Disney Puncaki Box Office 8 Pekan Beruntun Lewat Avatar Dan Zootopia 2

Disney terus memperkokoh dominasinya di pasar sinema global setelah film Avatar: Fire and Ash berhasil menembus angka pendapatan 1,3 miliar dolar AS. Capaian ini beriringan dengan rekor Zootopia 2 yang resmi menjadi film animasi MPA dengan pendapatan tertinggi sepanjang masa setelah meraup 1,7 miliar dolar AS.

Melalui keberhasilan kedua film tersebut, Disney tercatat menempati posisi pertama di box office global selama delapan pekan berturut-turut. Kondisi ini terjadi di tengah situasi bioskop domestik Amerika Serikat yang cenderung lesu selama akhir pekan libur Martin Luther King (MLK).

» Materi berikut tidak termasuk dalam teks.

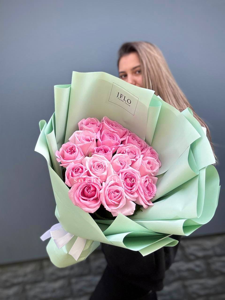Семнадцать розовых бутонов в лаконичной крафтовой обертке. Классика, которая работает в любой ситуации и не требует дополнительных объяснений.
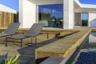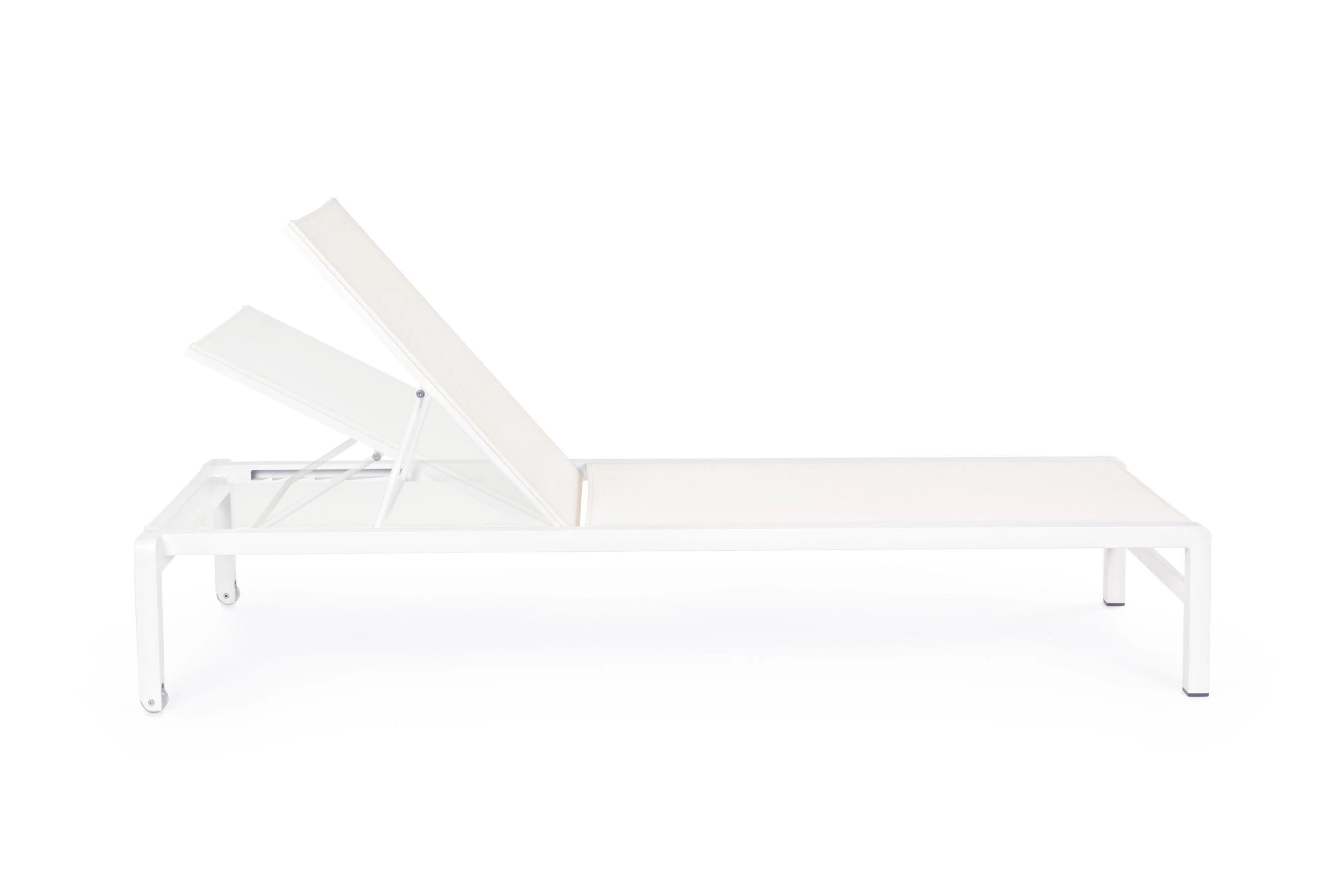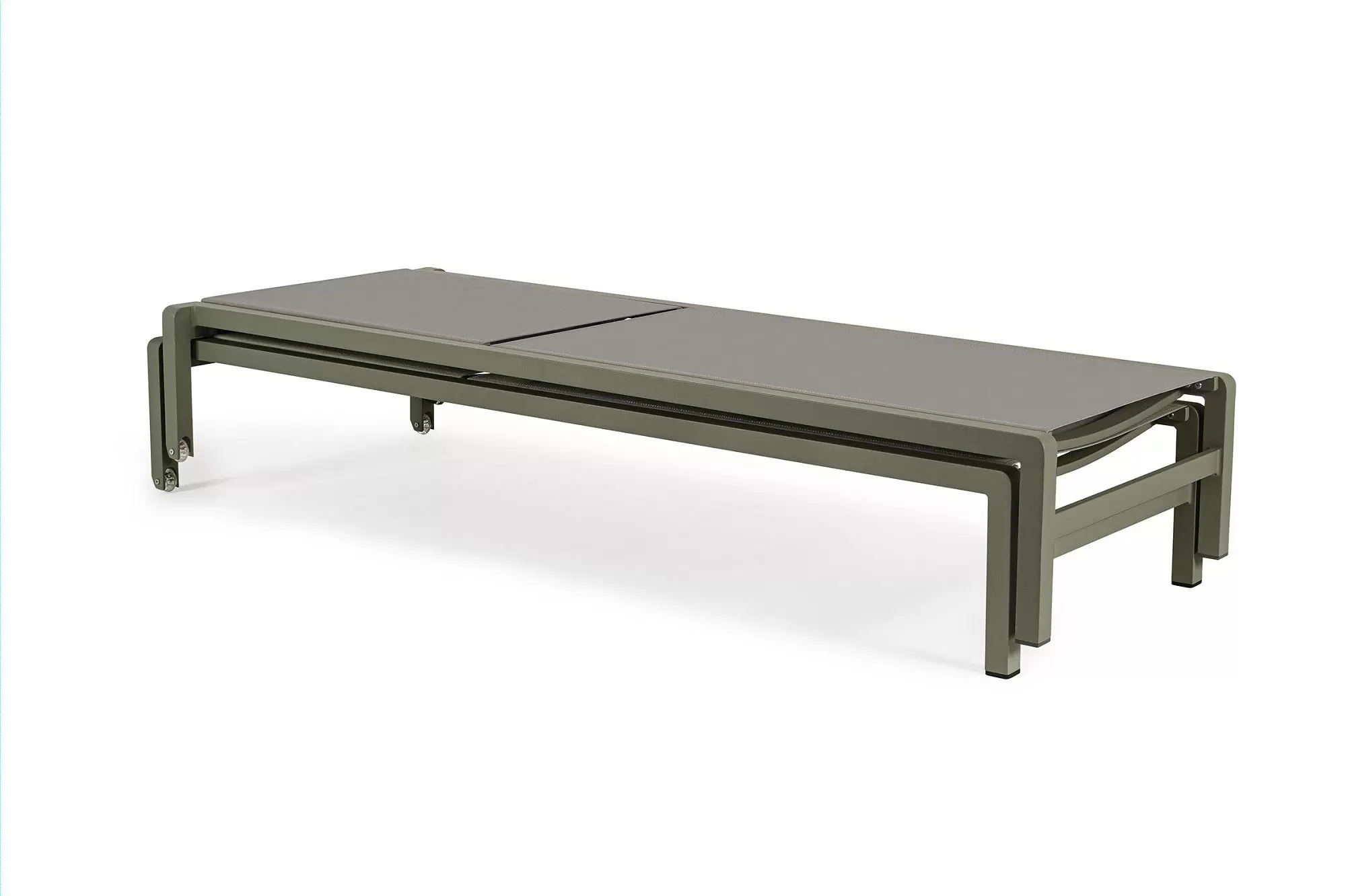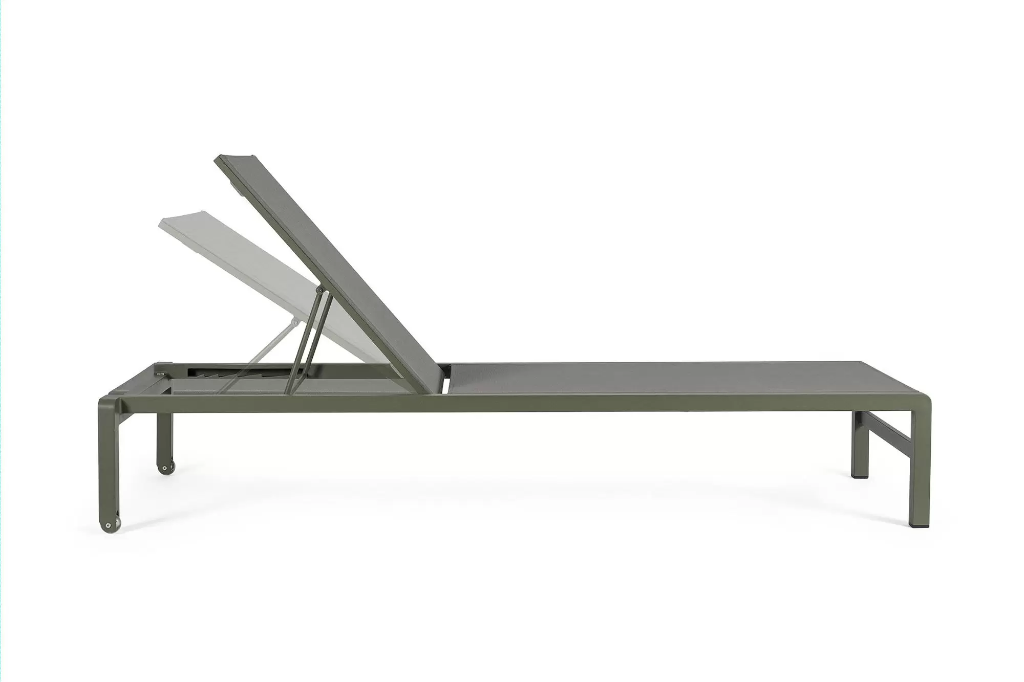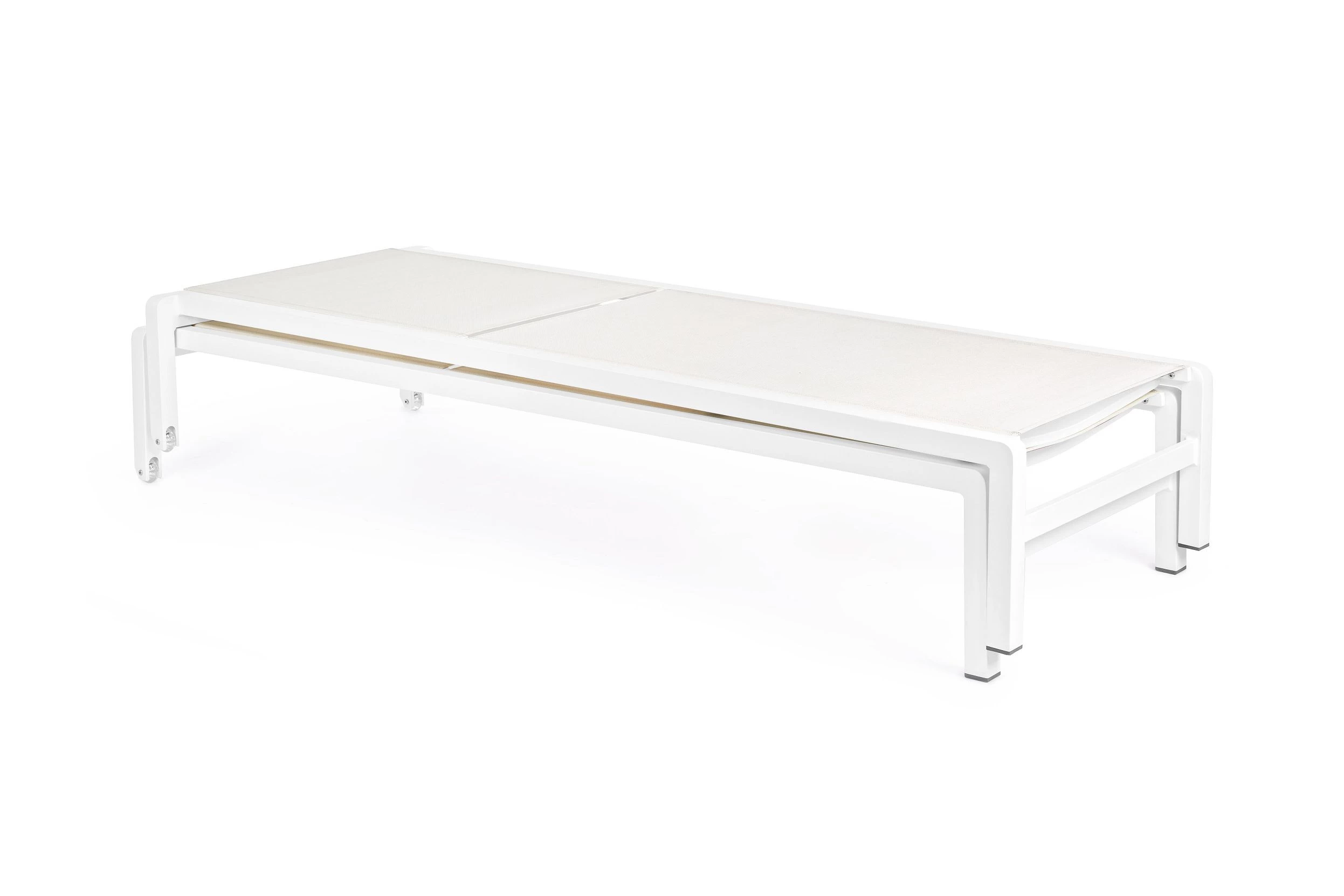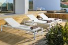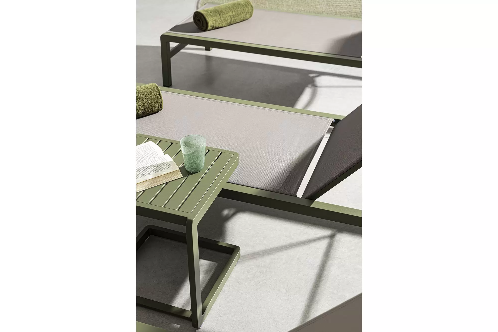 Leżak na taras aluminiowy do nowoczesnego tarasu. Siedzisko z tekstyliny. Oparcie z 6 stopniami pochylenia. Można sztaplować.

Debut Global 28 Years Later: The Bone Temple

Sony Pictures merilis 28 Years Later: The Bone Temple yang mencatatkan pendapatan debut global sebesar 31,2 juta dolar AS dari 10,1 ribu layar di 61 pasar internasional. Di pasar domestik Amerika Serikat, film ini mengantongi 13 juta dolar AS untuk durasi tiga hari dan 15 juta dolar AS untuk periode empat hari penayangan.

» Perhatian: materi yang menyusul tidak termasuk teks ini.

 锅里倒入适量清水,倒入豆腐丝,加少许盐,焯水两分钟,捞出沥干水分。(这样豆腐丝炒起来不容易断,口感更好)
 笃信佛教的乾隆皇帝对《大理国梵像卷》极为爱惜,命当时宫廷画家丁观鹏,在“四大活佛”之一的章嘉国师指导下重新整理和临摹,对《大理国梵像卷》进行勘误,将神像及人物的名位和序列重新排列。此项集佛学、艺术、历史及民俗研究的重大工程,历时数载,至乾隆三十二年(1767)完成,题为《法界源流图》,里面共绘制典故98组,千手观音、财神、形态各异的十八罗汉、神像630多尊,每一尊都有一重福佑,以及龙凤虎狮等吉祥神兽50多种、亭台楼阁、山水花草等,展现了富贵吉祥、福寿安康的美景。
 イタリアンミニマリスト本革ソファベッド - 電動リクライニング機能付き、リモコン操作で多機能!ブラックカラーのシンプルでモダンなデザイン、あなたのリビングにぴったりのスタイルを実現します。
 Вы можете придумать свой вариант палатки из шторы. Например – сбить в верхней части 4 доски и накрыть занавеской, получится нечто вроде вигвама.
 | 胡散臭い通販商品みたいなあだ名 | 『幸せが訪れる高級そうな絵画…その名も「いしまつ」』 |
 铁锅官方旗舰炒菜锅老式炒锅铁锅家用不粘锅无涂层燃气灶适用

Meskipun performa di Amerika Serikat dinilai melandai, film ini berhasil menempati posisi pertama di Inggris dengan pendapatan 4,6 juta dolar AS dan di Meksiko dengan 1,5 juta dolar AS. Sebagai perbandingan, film pendahulunya dalam waralaba 28 Years meraup total 151,3 juta dolar AS secara global, dengan 21 juta dolar AS di antaranya berasal dari Inggris.

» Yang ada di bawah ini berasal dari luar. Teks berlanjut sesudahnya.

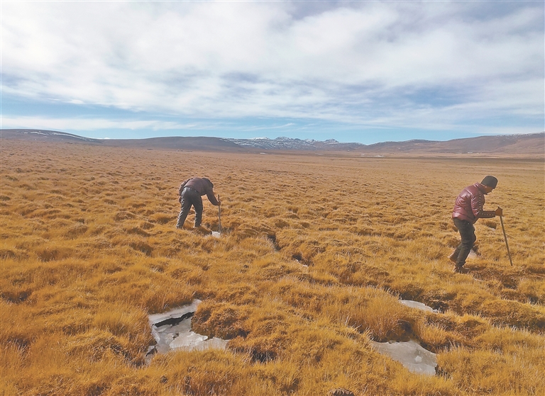 圖為聶榮縣查當(dāng)鄉(xiāng)瑪布村生態(tài)管護(hù)員正在敲碎草原上的冰層。 遲巴加 提供
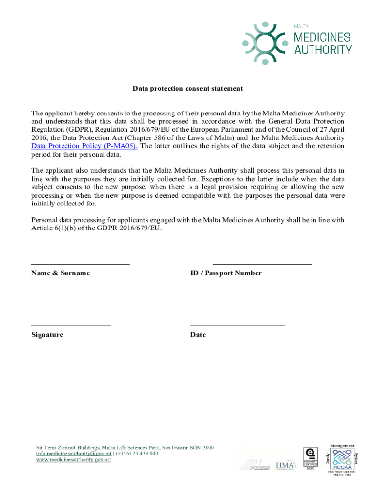 Data protection consent statement The applicant hereby consents to the processing of their personal data by the Malta Medicines Authority and understands that this data shall be processed in accordance
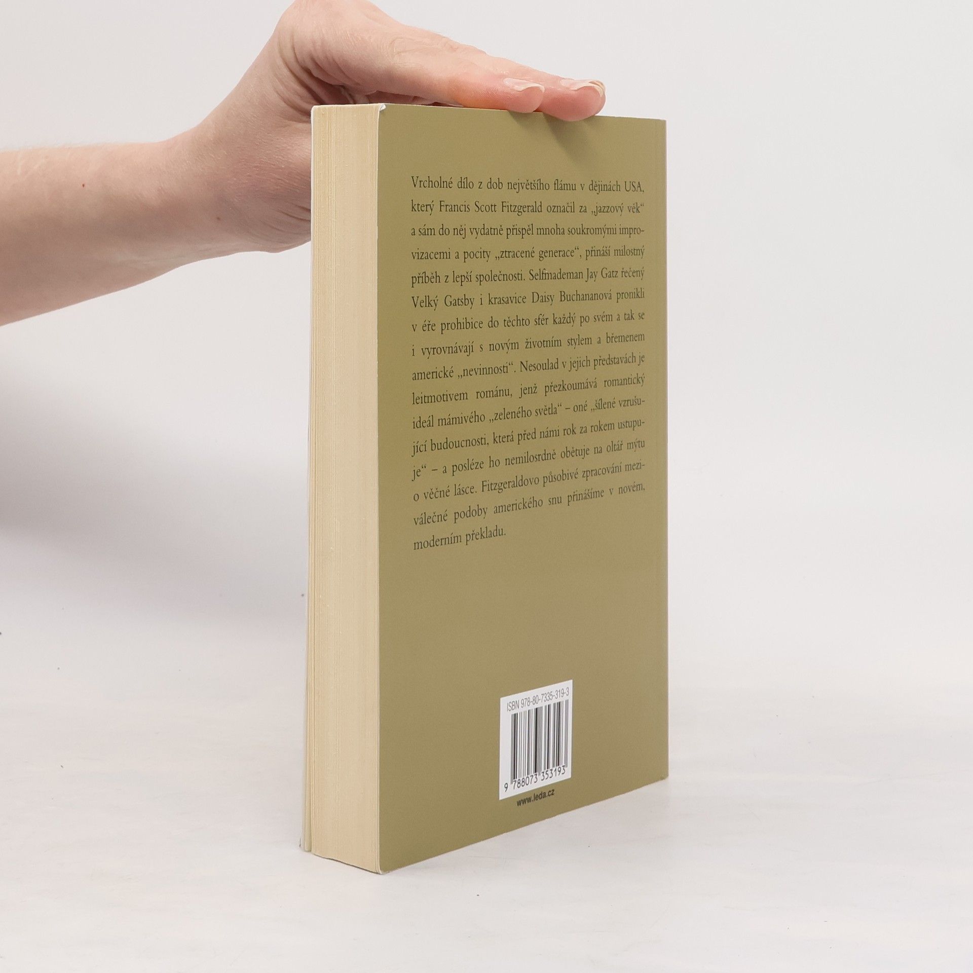Vrcholné dílo z dob největšího flámu v dějinách USA, který Francis Scott Fitzgerald označil za „jazzový věk“ a sám do něj vydatně přispěl mnoha soukromými improvizacemi a pocity „ztracené generace“, přináší milostný příběh z lepší společnosti. Selfmademan Jay Gatz řečený Velký Gatsby i krasavice Daisy Buchananová pronikli v éře prohibice do těchto sfér každý po svém a tak se vyrovnávají i s novým životním stylem a břemenem americké „nevinnosti“. Nesoulad v jejich představách je leitmotivem románu, jenž přezkoumává romantický ideál mámivého „zeleného světla“ – oné „šílené, vzrušující budoucnosti, která před námi rok za rokem ustupuje“ – a posléze ho nemilosrdně obětuje na oltář mýtu o věčné lásce. Fitzgeraldovo působivé zpracování meziválečné podoby amerického snu přinášíme v novém, moderním překladu.
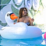 Super fun bathing animal shaped like a giant white swan.
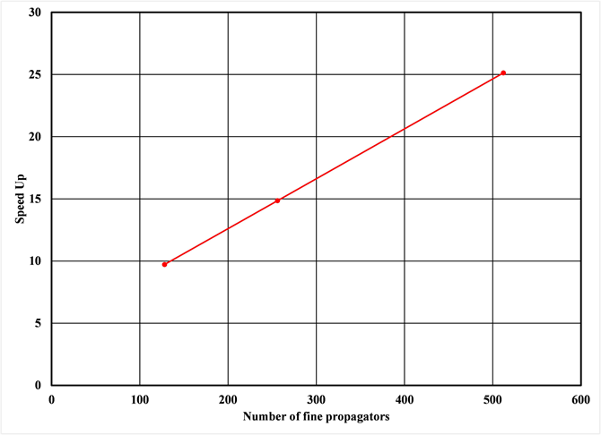 resulting in a speedup of 25×. The PRA on GPU provides better performance when the fine propagator computation load is large, i.e. smaller

Penerimaan penonton terhadap genre horor ini dilaporkan berbeda di berbagai wilayah. Genre horor yang menonjolkan kekerasan fisik cenderung diminati di Jerman, sementara horor supernatural lebih diterima di negara-negara Katolik, Filipina, dan wilayah Asia lainnya. Korea Selatan dijadwalkan menjadi pasar berikutnya untuk penayangan The Bone Temple.

Anggaran Produksi dan Pemasaran

Biaya produksi bersih untuk film ini berada di angka 63 juta dolar AS setelah dikurangi kredit pajak dari Inggris, dengan pihak TSG dilaporkan menanggung setengah dari anggaran tersebut. Selain biaya produksi, terdapat alokasi dana pemasaran (P&A) sebesar 70 juta dolar AS.

Berdasarkan informasi dari narasumber terkait, sutradara Danny Boyle, penulis skenario Alex Garland, dan produser Peter Rice masing-masing menerima pendapatan sekitar 15 juta dolar AS per film. Secara teknis, biaya pembuatan film ini bisa meningkat lebih tinggi akibat persaingan penawaran dalam industri.

Di Amerika Serikat, 28 Years Later: The Bone Temple mendapatkan skor “A-” dari Cinemascore. Meskipun mendapatkan penilaian yang baik, terdapat tantangan dalam membangun basis penonton karena jeda waktu dan penerimaan film sebelumnya yang dianggap biasa saja.

Laporan data pendapatan box office dan rincian produksi ini dihimpun berdasarkan catatan distribusi resmi studio dan laporan pasar internasional yang dipublikasikan pada akhir pekan MLK.